Pendidikan Anak

Angka Perceraian Terus Meningkat, Butuh Solusi Islam

Penulis: Ummu Nashir N.S.

Muslimah News, FOKUS — Angka perceraian di negeri ini terus mengalami peningkatan. Dari data yang dihimpun Kemenag, pada 2024 angka perceraian mencapai 466.359 kasus dan pernikahan mencapai 1.478.424 kejadian. Dibandingkan dengan 2023, angka perceraian mengalami kenaikan dari 463.654 kasus dan pernikahan justru berkurang dari 1.577.255 kejadian. Mirisnya lagi, sebagian besar perceraian terjadi karena istri yang menggugat cerai suami.

Berdasarkan data-data ini, Menag memandang menjadi lampu merah bagi ketahanan keluarga di Indonesia. Apalagi mayoritas mereka yang bercerai adalah pasangan muda di bawah lima tahun. Oleh sebab itu, peran BP4 bersama Kantor Urusan Agama (KUA) menjadi sangat krusial dalam membentuk ketahanan keluarga.

Kemenag kemudian mencanangkan 11 langkah strategis mediasi yang dapat dilakukan oleh BP4. Menag menegaskan bahwa BP4 harus terjun melakukan mediasi rumah tangga, penyelesaian konflik, deteksi dini kekerasan dalam rumah tangga, edukasi pranikah kepada remaja, hingga bimbingan perkawinan yang berkelanjutan. (Antara News, 25-4-2025).

Tidak dimungkiri memang telah banyak upaya yang dilakukan oleh berbagai pihak. Akan tetapi, mengapa kasus perceraian ini tidak kunjung mereda, malah jumlahnya terus meningkat?

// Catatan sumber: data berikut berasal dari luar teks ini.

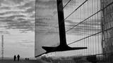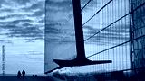 Winter sunset view with people silhouettes against the modern glass wall.

Tidak Menyentuh Akar Masalah

Sesungguhnya, upaya yang dilakukan, seperti penyuluhan dan pelatihan pengantin maupun mediasi, termasuk 11 langkah strategis mediasi ini tidak menyentuh akar masalah. Pernikahan atau hidup berkeluarga tidaklah berdiri sendiri, tidak sebatas permasalahan di antara pasangan suami istri.

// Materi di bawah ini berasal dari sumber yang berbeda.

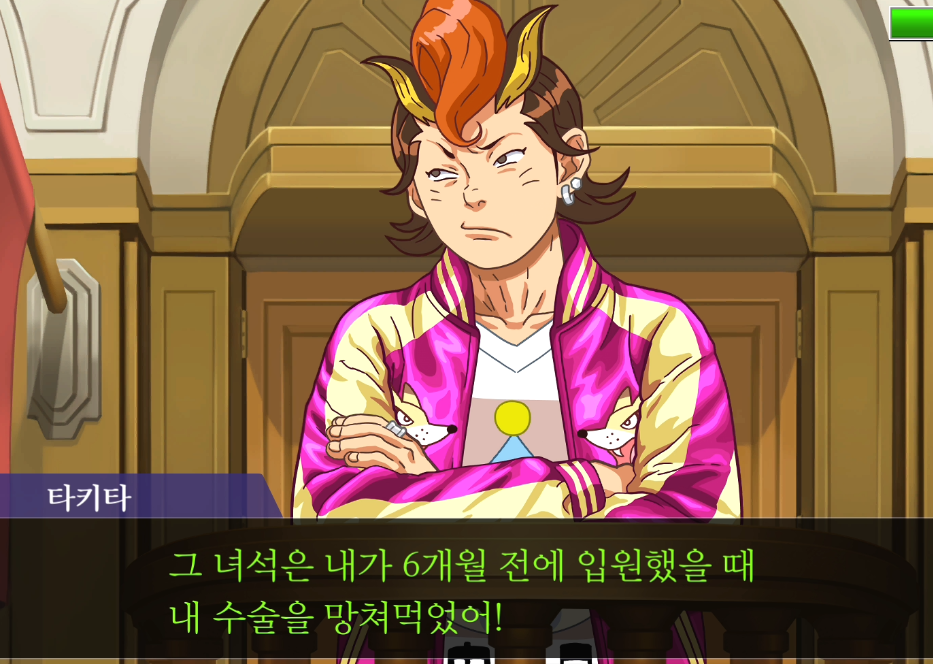 위의 3가지 증언에 대해 모두 [추궁하기] 를 합니다. 모든 증언에 추궁 하다 보면 자동으로 되긴 합니다. 그러면 타키타의 건강진단서를 얻을 수 있습니다.

Banyak faktor—termasuk sosial dan ekonomi—yang menjadi penyebab perceraian, misal kemiskinan, ketakharmonisan, KDRT, hingga kasus judi online. Terlebih dalam rumah tangga muda, kelabilan emosi pasangan dan faktor ekonomi dituding menjadi penyebab utama. Namun, berbagai penyebab ini sesungguhnya hanyalah persoalan cabang, bukan akar masalahnya sebab sistem kehidupan yang tengah diterapkan sangat memengaruhi ketahanan keluarga.

Apabila kita dalami penyebab maraknya perceraian di Indonesia, semua bermuara pada satu hal, yaitu penerapan sistem kehidupan kapitalistik beserta turunannya, yakni liberalisme, sekularisme, dan feminisme. Sistem hidup dalam kapitalisme menjadikan materi sebagai tolok ukur kebahagiaan. Sekularisme meniadakan peran agama dalam menyelesaikan permasalahan yang terjadi dalam keluarga dan menjauhkan motivasi ibadah dalam keluarga.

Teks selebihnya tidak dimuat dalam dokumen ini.